Role Model: Lesley ReesBMJ 2019; 364 doi: https://doi.org/10.1136/bmj.l514 (Published 19 February 2019) Cite this as: BMJ 2019;364:l514
It was during her first year at grammar school that Lesley Rees began to consider a career in medicine. “My mother developed Parkinson’s disease in her early 40s,” she says. “I read all I could about it and became interested in becoming a doctor.”
It was, however, seeing her mother paraded in front of medical students who were encouraged to shout out diagnoses that made her determined to change how the profession treated patients. “I was outraged and became determined to become a doctor and change the way doctors spoke to patients,” she says.
Rees attended the University of Manchester medical school in the 1970s, at a time when only 11% of the students were female. “That was the highest proportion in the country,” she says. “I’m pleased that this has now changed.”

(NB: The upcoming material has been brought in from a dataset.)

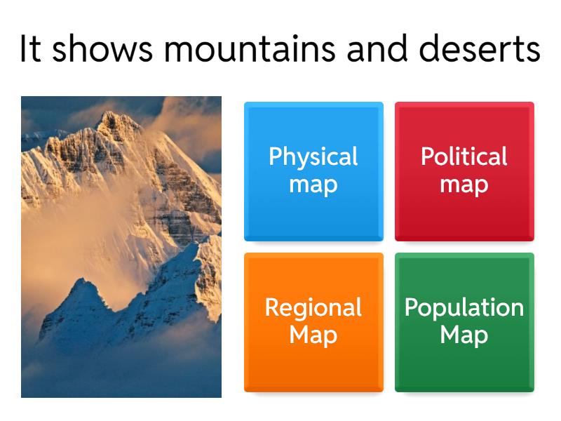 1) It shows mountains and deserts a) Physical map b) Political map c) Regional Map d) Population Map 2) It shows major cities and capital cities a) Physical map b) Political map c) Regional Map d) Population Map 3) It shows the borders between different countries a) Physical Map b) Political Map c) Regional Map d) Population Map 4) It shows the differnt regions in the United States a) Physical Map b) Political Map c) Regional Map d) Population Map 5) It shows bodies of water and landforms a) Physical map b) Political map c) Regional Map d) Population Map 6) What type of map shows people in an area? a) Physical Map b) Political Map c) Regional Map d) Population Map 7) What type of map shows elevation? a) Physical Map b) Political Map c) Regional Map d) Population Map 8) What type of map shows storms? a) Physical Map b) Population Map c) Weather Map d) Political Map

It was while at medical school that Rees decided that she wanted to be a paediatrician. “It was the opportunity to influence the health of a human being at the earliest opportunity,” she says.
Between 1984 and 1990, Rees was a lecturer in paediatrics at Guys Hospital in London, in what was the first job share of its kind. Since then, she has been a consultant at Great Ormond Street Hospital.
Over her career, Rees has managed to secure more than £2m (€2.3m; $2.6m) in research grant funding and has published over 150 peer reviewed articles and reviews. Her Handbook of Paediatric Nephrology is used by trainees and consultants worldwide. She has also influenced national policy through her work with the Department of Health, specialty groups, the royal colleges, and NICE.
In 2016 she was awarded the lifelong achievement award by the International Paediatric Nephrology Association for services to children with kidney disease and her role as co-editor of the journal Paediatric Nephrology.
“Frontline working with families will always be what I most enjoy. But I also enjoy research because the whole point of it is to improve the quality of life of our patients,” she says.
“The feedback I get from patients when they’ve left my care and have gone on to adult care is very rewarding. They come back and let me know how their life is progressing. I often get emails telling me about weddings and babies.”
Rees has learned a lot from frontline care. “You have to be absolutely obsessional in the care of your patients, looking at every single aspect in a holistic sense,” she says.
“You look at their blood results but you are also looking at their quality of life, their nutrition, their psychosocial support, their schooling, the impact of their illness on their family. The whole patient is very important.”
Rees’ advice for young doctors underlines her passion for keeping the patient at the centre of all she does. “Always try to think how your patients and their families must be feeling and be sensitive to their needs. Also, keep time for your partner and family.”
Nominated by Stephen Marks.
“Professor Rees is an excellent clinician and diagnostician with an outstanding academic record. She is a leader in local, national, and international research.
“Despite her young age and health scares, she continues to work at full pace and is the most efficient of doctors with excellent time management skills.
“She will leave a legacy of a generation of paediatric nephrologists who are grateful for having learnt their trade from her.”
Stephen Marks is a consultant paediatric nephrologist, Great Ormond Street Hospital.